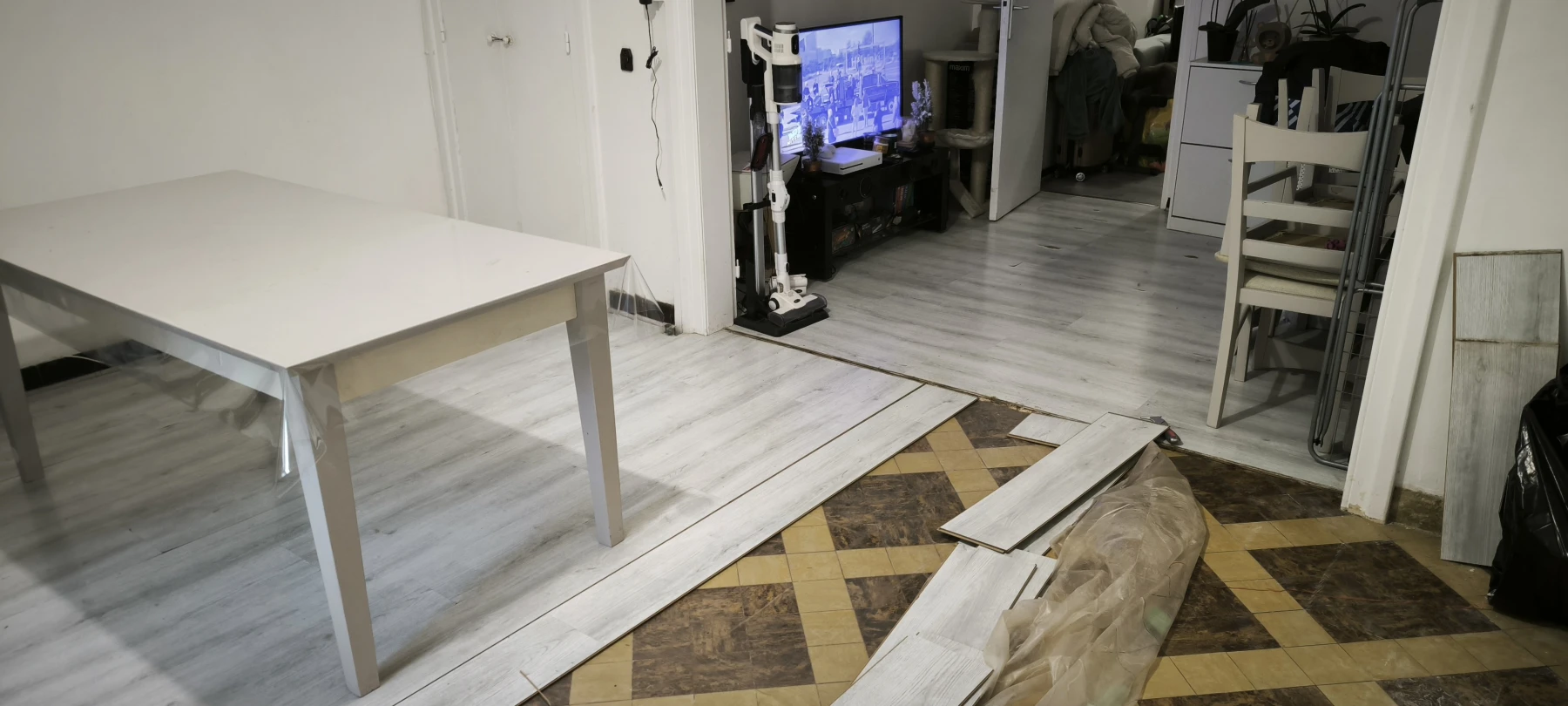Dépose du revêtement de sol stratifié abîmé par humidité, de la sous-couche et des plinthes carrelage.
* * *
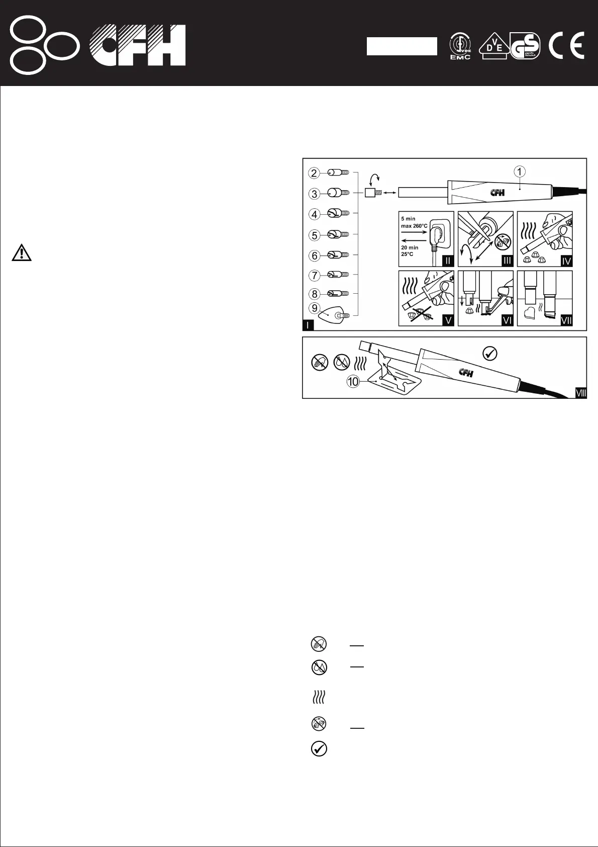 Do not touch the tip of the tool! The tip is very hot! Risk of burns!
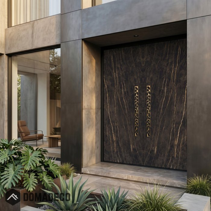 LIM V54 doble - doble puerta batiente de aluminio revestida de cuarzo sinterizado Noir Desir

Exercise instructions: Write out exactly the run of lines above that starts at the line containing "Do not touch" and ends at the line containing "LIM V54 doble". Include both, and leave the pictures out.

Solution to the exercise:
 Do not touch the tip of the tool! The tip is very hot! Risk of burns!
 LIM V54 doble - doble puerta batiente de aluminio revestida de cuarzo sinterizado Noir Desir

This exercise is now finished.